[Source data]

=======

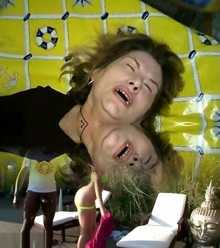 Four'8'' 142cm 9 Month Knocked Up Asian MILF getting rubbed all over with baby oil - Double cam view from below and in front
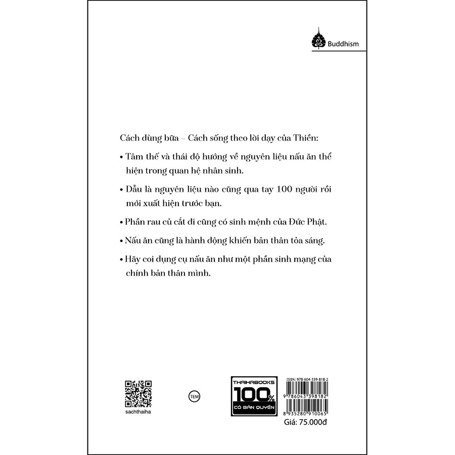 Nấu ăn và ăn. Những hoạt động đó ẩn chứa nhiều lời dạy, thực tiễn của Thiền. Hãy thử nhìn lại một chút quá trình nấu ăn, thử một lần nữa xem xét lại cách ăn. Những việc đó chính là cách chạm đến thế giới của Thiền tự nhiên nhất. Hơn thế, trong hành động ăn uống tồn tại “bản chất” của Thiền. Cuốn sách sẽ hướng dẫn bạn cách hướng dẫn Nấu ra sao, Ăn như thế nào theo phong cách thiền, bắt đầu mỗi ngày bằng năng lượng tươi sáng bằng bữa ăn đậm chất Thiền.
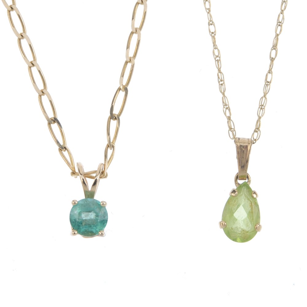 SoldA selection of four gem-set pendants and three chains.A selection of four gem-set pendants and three chains. To include a 9ct gold pear-shape citrine single-stone pendant, a peridot and diamond point pendant, two further pendants and three fine-link chaiSee Sold Price
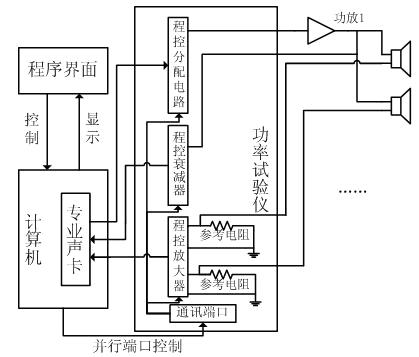 changjiandezhuanyeshengkayibanzhijubeilianggeshurutongdao,lianggeshuchutongdao,ergonglvshiyanyaoqiunenggoutongshiduiduogetongdaojinxingceshi,guxuyaofenpeidianlushixianxinhaoxuanze;此外,專業聲卡的電壓工作範圍在1至2伏fu之zhi間jian,揚yang聲sheng器qi的de實shi際ji工gong作zuo電dian壓ya和he工gong作zuo電dian流liu有you較jiao大da的de變bian化hua範fan圍wei,因yin此ci需xu要yao進jin行xing電dian平ping變bian換huan才cai能neng和he聲sheng卡ka連lian接jie。綜zong合he這zhe些xie因yin素su,需xu要yao一yi套tao獨du立li的de功gong率lv試shi驗yan儀yi和he聲sheng卡ka相xiang配pei合he,才cai能neng完wan成cheng測ce試shi功gong能neng。功gong率lv試shi驗yan儀yi內nei部bu由you程cheng控kong分fen配pei電dian路lu、程控衰減器、程控放大器、通訊端口、電源電路和接線端子等部分組成。整個硬件平台結構如圖1所示。
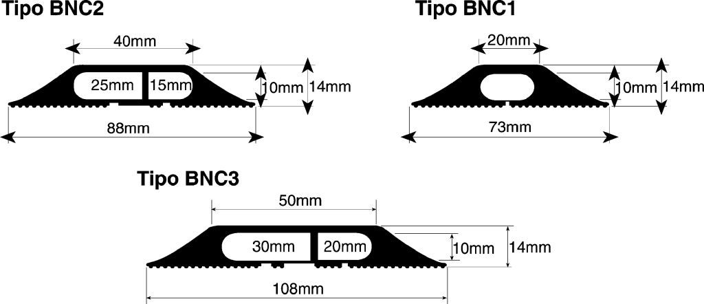 "The widths of profiles BNC1, BNC2 and BNC3 are: BNC1 (30.83mm), BNC2 (40.88mm) and BNC3 (50.108mm)."
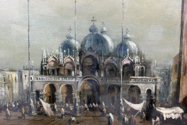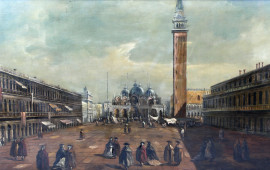 Veduta di Piazza San Marco, olio su tela, cm 60X120, entro cornice
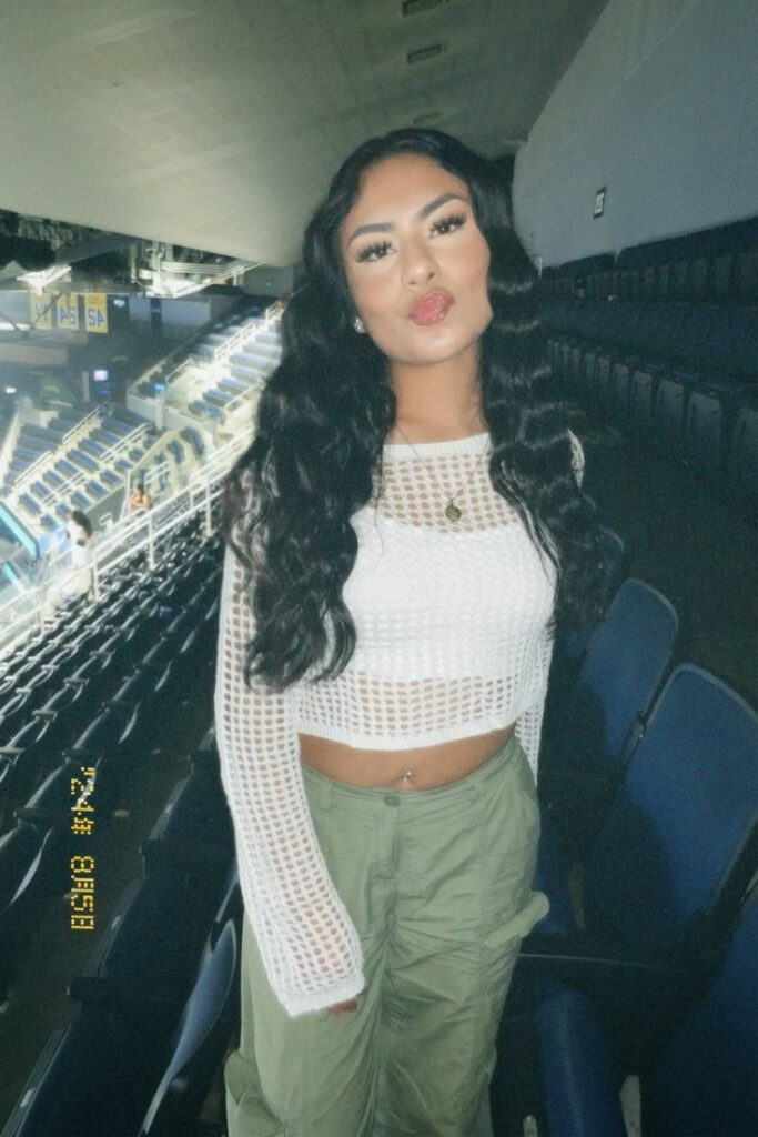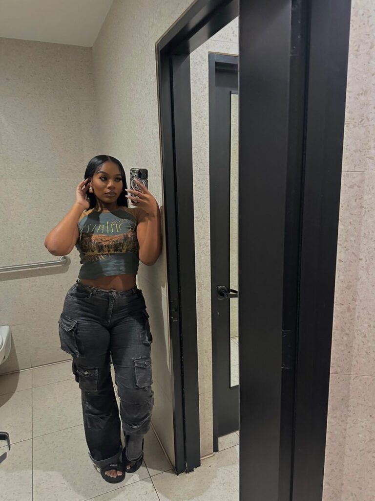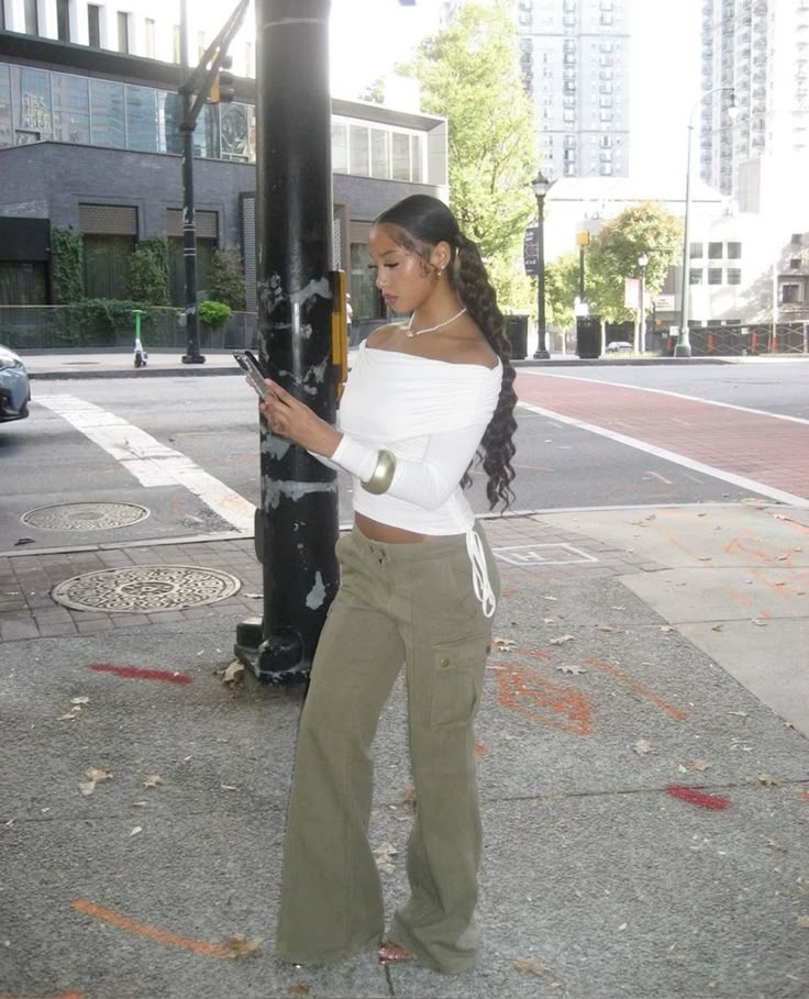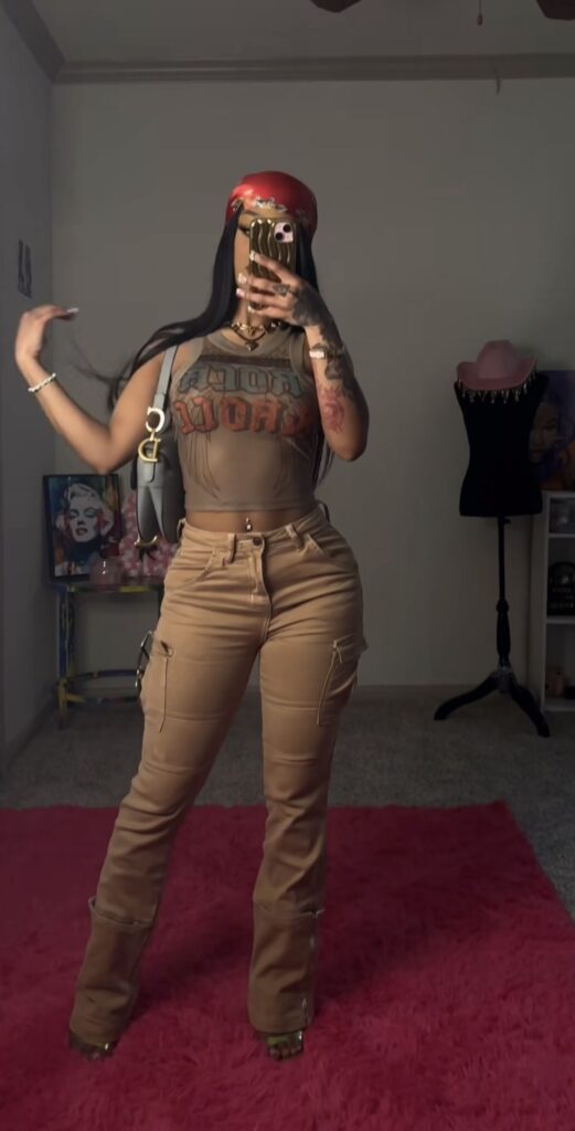 If you’re feeling bold, that graphic crop top with tan cargo pants and a red cap creates this whole streetwear inspired look.
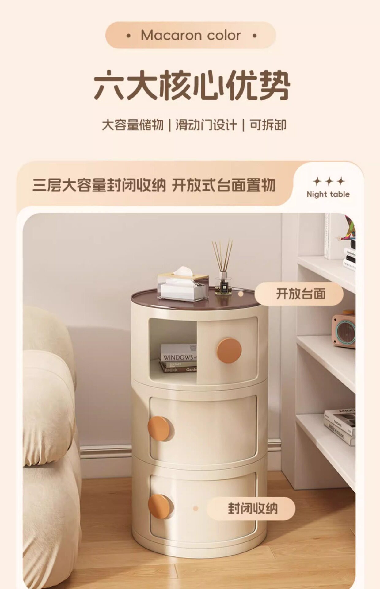 Creative Multi-layer Cylindrical Bedside Table Modern Simple Small Narrow Multi-layer Bedroom Storage Cabinet Ornaments Storage Cabinet
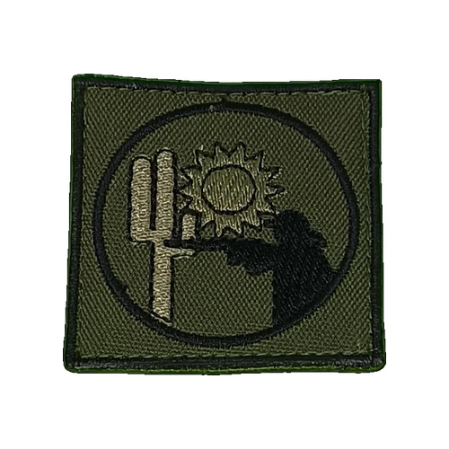 Medidas: 50 mm x 50 mm, confeccionado em fundo verde militar e com fecho de contato.
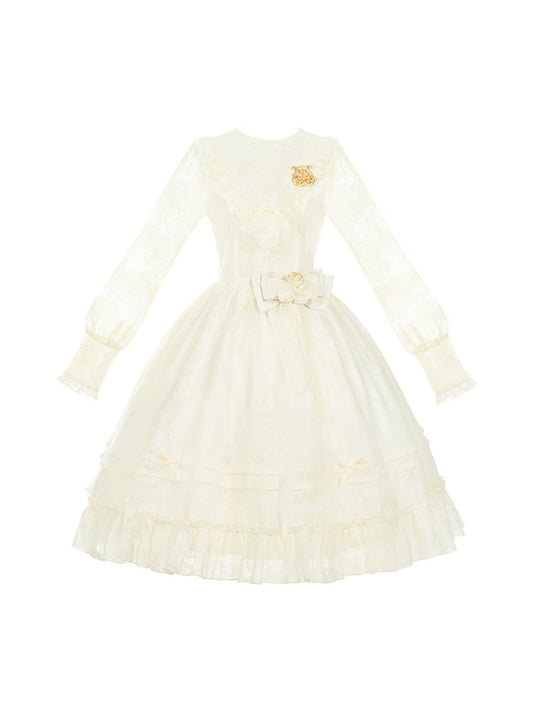 Beiges, halbtransparentes, elegantes, klassisches Lolita-Kleid mit Harfenstickerei im Frühling
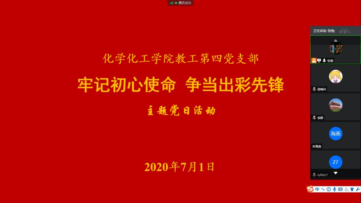 为庆祝中国共产党成立99周年,深化“不忘初心、牢记使命”主题教育成果,英国365集团官网教工第四党支部于2020年7月1日在线开展了“牢记初心使命、争当出彩先锋”主题党日活动。
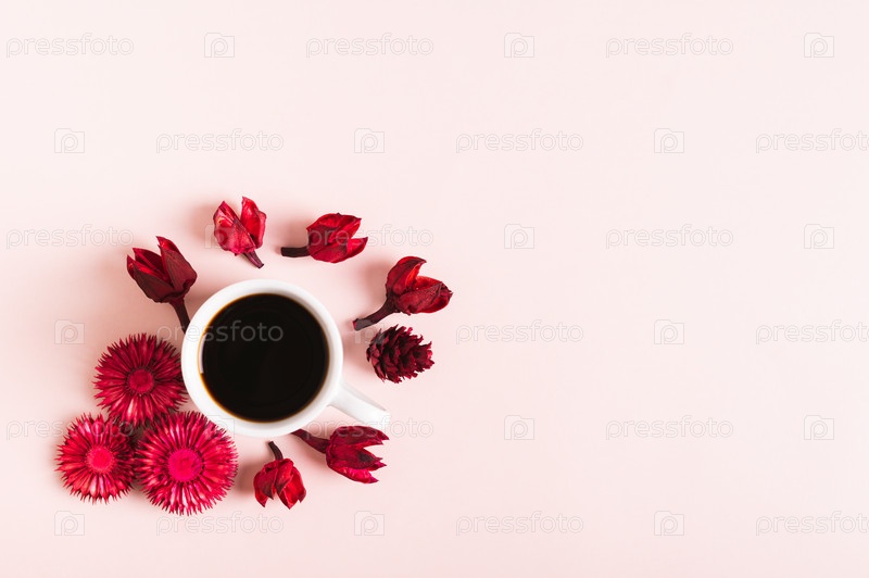Сухие красные цветы вокруг чашки с черным кофе на розовом фоне, вид сверху
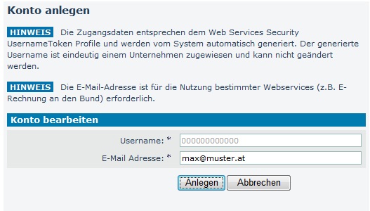 Die Zugangsdaten sind nicht bearbeitbar, sondern werden vom USP fix vorgegeben. Ergänze unter dem angezeigten Benutzernamen deine e-mail Adresse (bzw. die e-mail Adresse des zukünftigen Webservice-Benutzers).
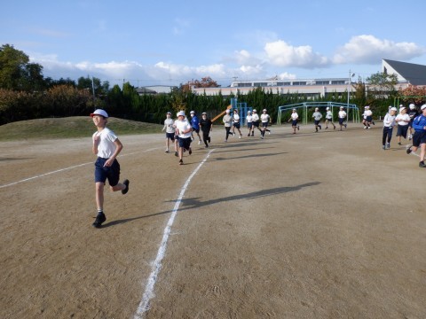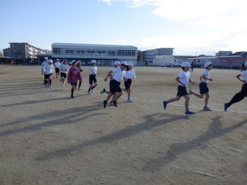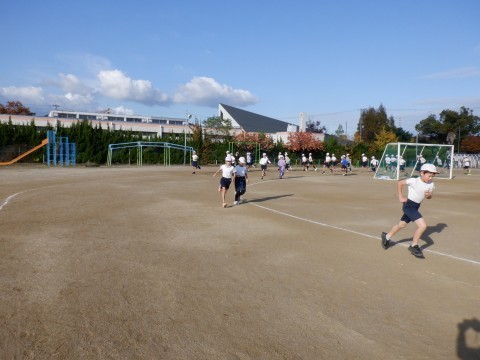 マイペースで走ってもかなり早く走れる児童がいました。さすがは5、6年生です。今日は冷え込みましたが、走ることによって寒さも吹っ飛んでるようです。

=======

WORK INSTRUCTIONS: Pictures do not belong in your copy; restate word for word the lines from the one containing "Creative Multi-layer Cylindrical" through the last line of the records above.

ANSWER SPACE:
 Creative Multi-layer Cylindrical Bedside Table Modern Simple Small Narrow Multi-layer Bedroom Storage Cabinet Ornaments Storage Cabinet
 Medidas: 50 mm x 50 mm, confeccionado em fundo verde militar e com fecho de contato.
 Beiges, halbtransparentes, elegantes, klassisches Lolita-Kleid mit Harfenstickerei im Frühling
 为庆祝中国共产党成立99周年,深化“不忘初心、牢记使命”主题教育成果,英国365集团官网教工第四党支部于2020年7月1日在线开展了“牢记初心使命、争当出彩先锋”主题党日活动。
Сухие красные цветы вокруг чашки с черным кофе на розовом фоне, вид сверху
 Die Zugangsdaten sind nicht bearbeitbar, sondern werden vom USP fix vorgegeben. Ergänze unter dem angezeigten Benutzernamen deine e-mail Adresse (bzw. die e-mail Adresse des zukünftigen Webservice-Benutzers).
 マイペースで走ってもかなり早く走れる児童がいました。さすがは5、6年生です。今日は冷え込みましたが、走ることによって寒さも吹っ飛んでるようです。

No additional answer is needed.